**Information supplied:**
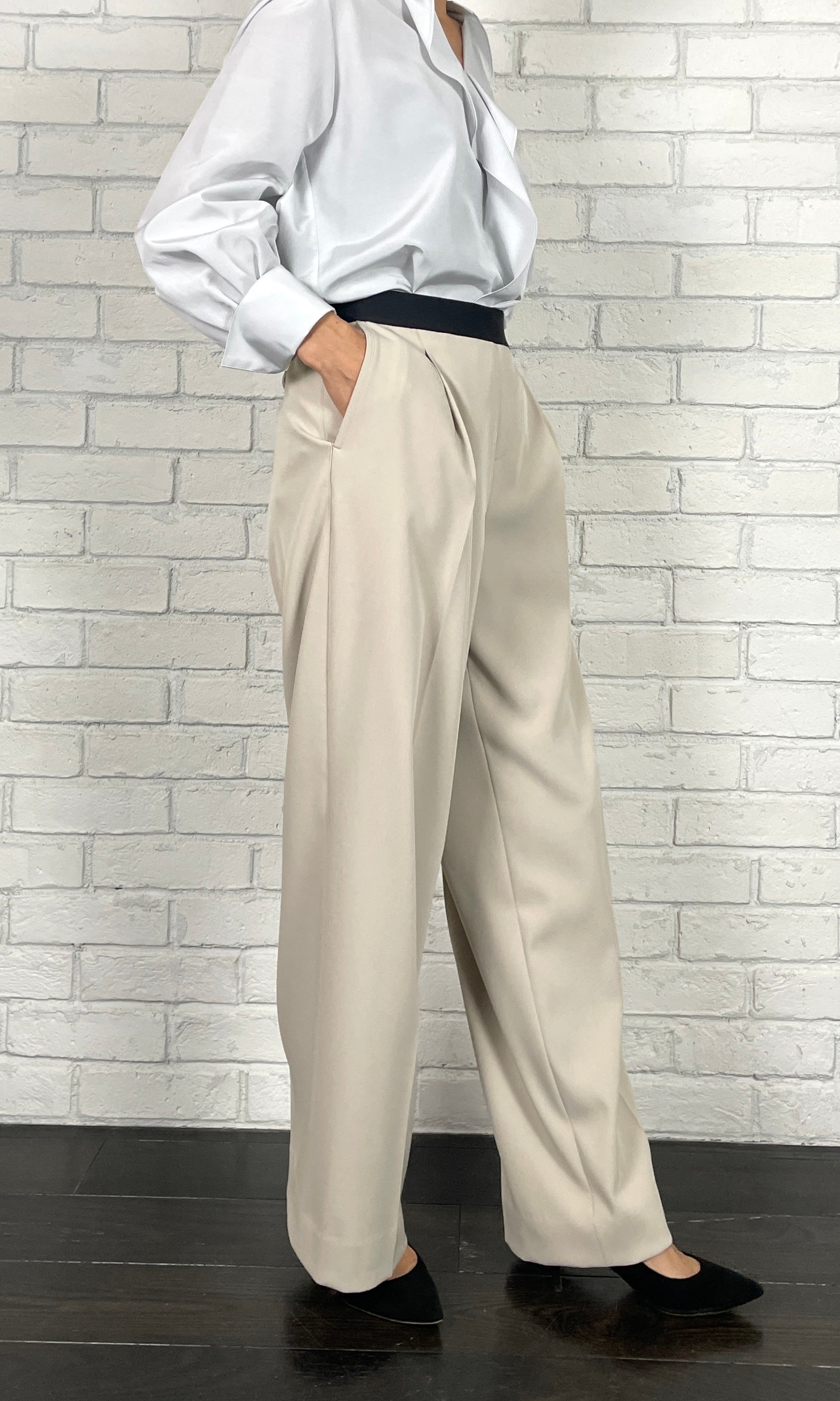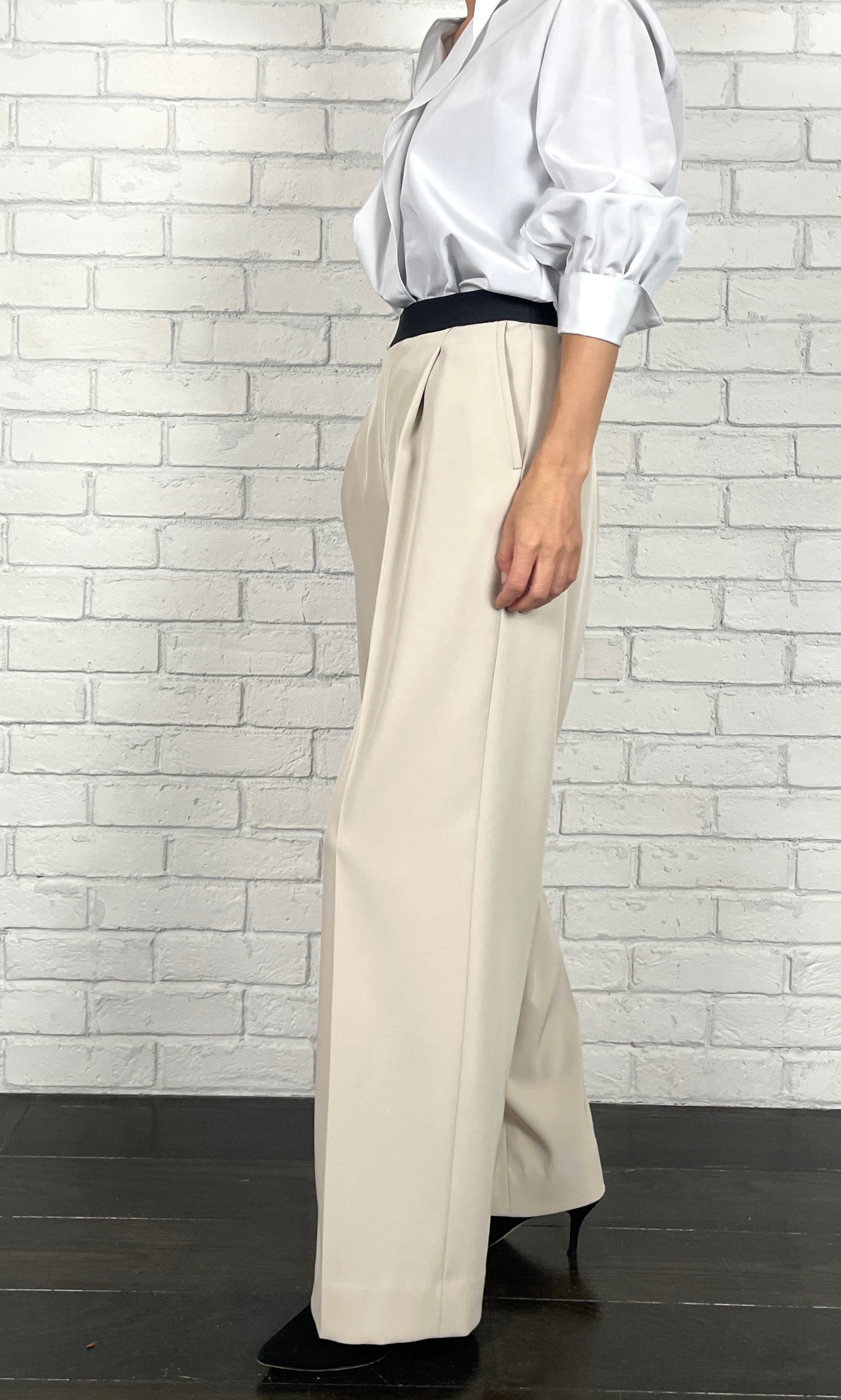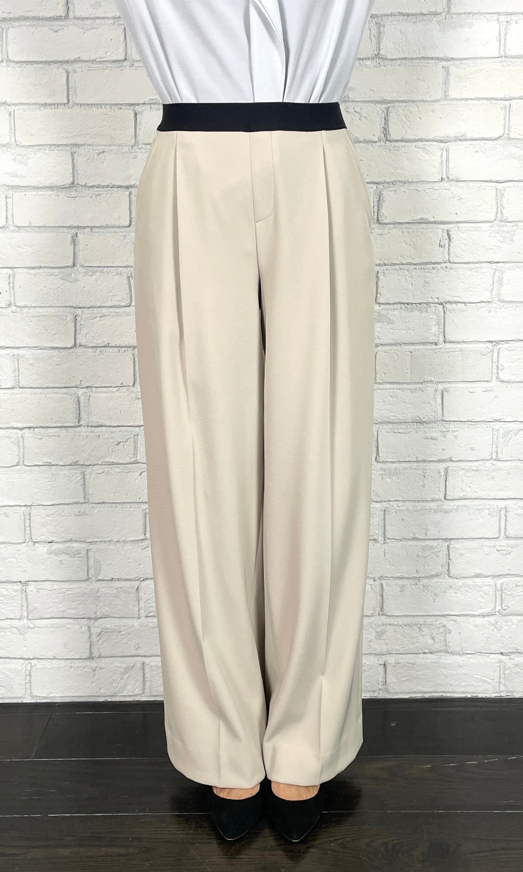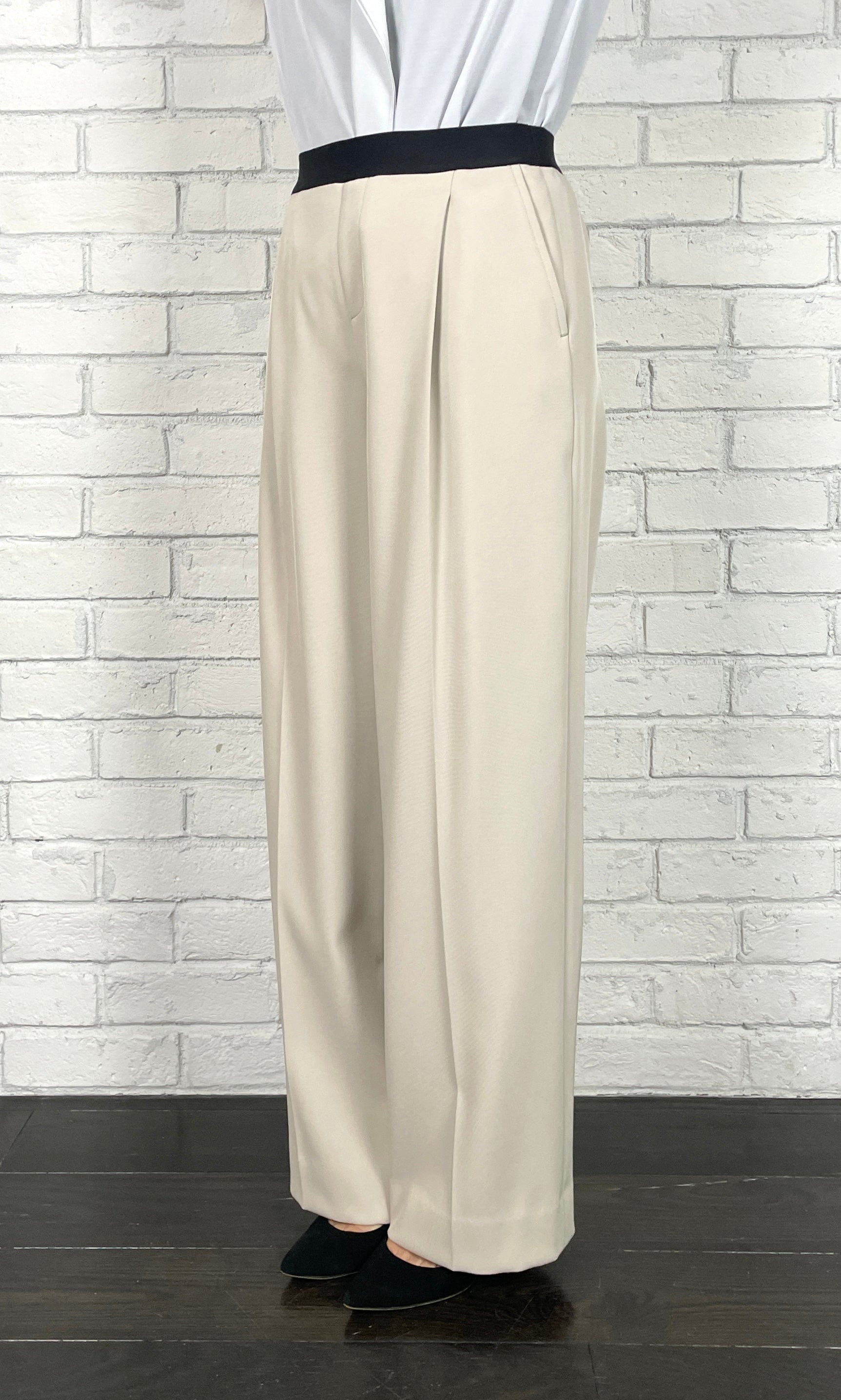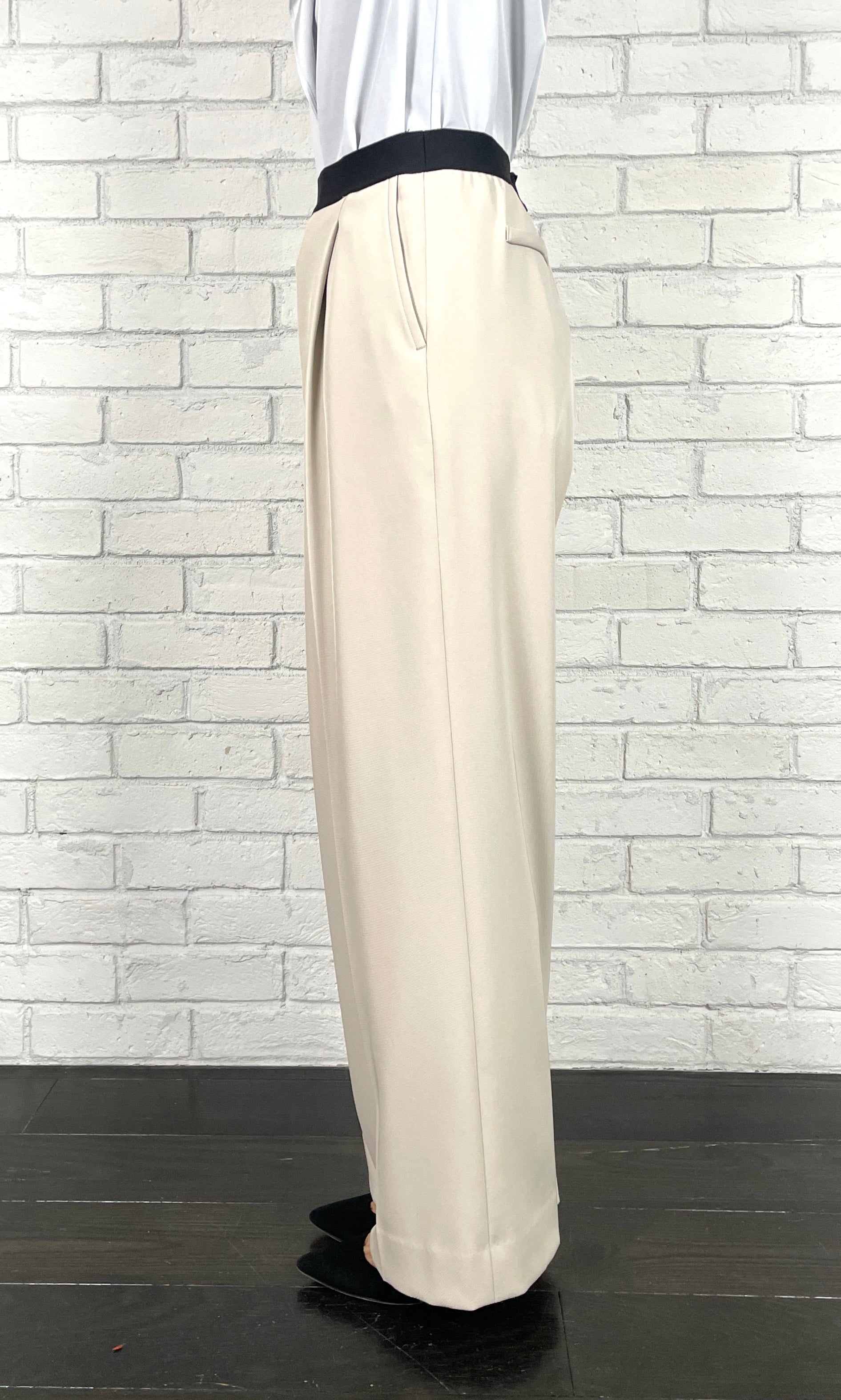 トリアセボディシェル 裏起毛ワンタックワイドイージートラウザーズ<ベージュ>
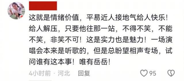 看過演唱會(huì)的網(wǎng)友評(píng)論稱,他們非常開心,認(rèn)為這場演唱會(huì)情緒價(jià)值十足,花錢很值得。從現(xiàn)場視頻能看出,氛圍十分熱烈,岳云鵬也帶來了諸多驚喜。
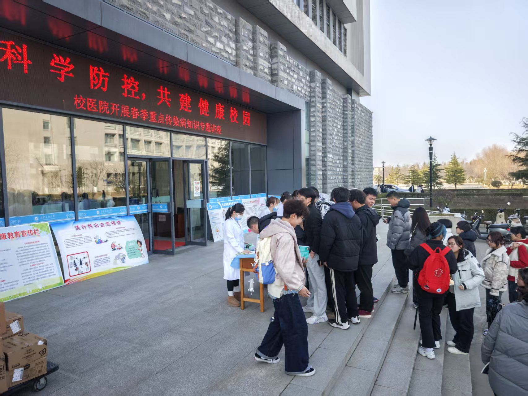 為切實做好春季傳染病防控工作,增強師生對傳染病的防范意識,2月25日、28日,校醫(yī)院分別在雁塔校區(qū)第三會議室和鄠邑校區(qū)弘石報告廳開展了校園春季重點傳染病講座和宣傳活動,兩校區(qū)師生及家屬500余人參加。
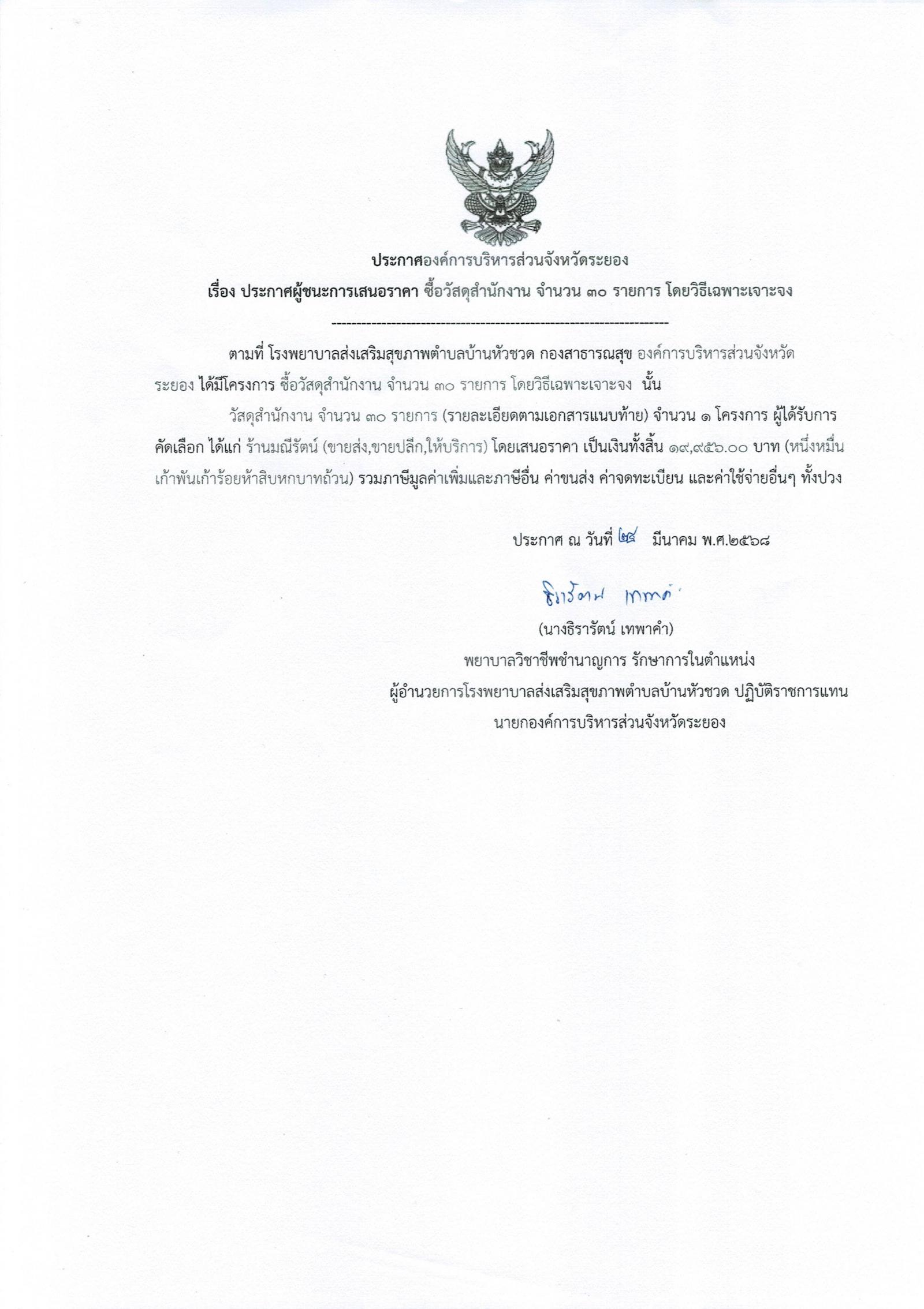 ประกาศผู้ัชนะการเสนอราคา ซื้อวัสดุสำนักงาน จำนวน 30 รายการ โดยวิธีเฉพาะเจาะจง

**Task directions:** Quote verbatim the final run of lines in the material above, from the line that contains "為切實做好春季傳染病防控工作" through the very last line, excluding any pictures.

**Exercise answer:**
 為切實做好春季傳染病防控工作,增強師生對傳染病的防范意識,2月25日、28日,校醫(yī)院分別在雁塔校區(qū)第三會議室和鄠邑校區(qū)弘石報告廳開展了校園春季重點傳染病講座和宣傳活動,兩校區(qū)師生及家屬500余人參加。
 ประกาศผู้ัชนะการเสนอราคา ซื้อวัสดุสำนักงาน จำนวน 30 รายการ โดยวิธีเฉพาะเจาะจง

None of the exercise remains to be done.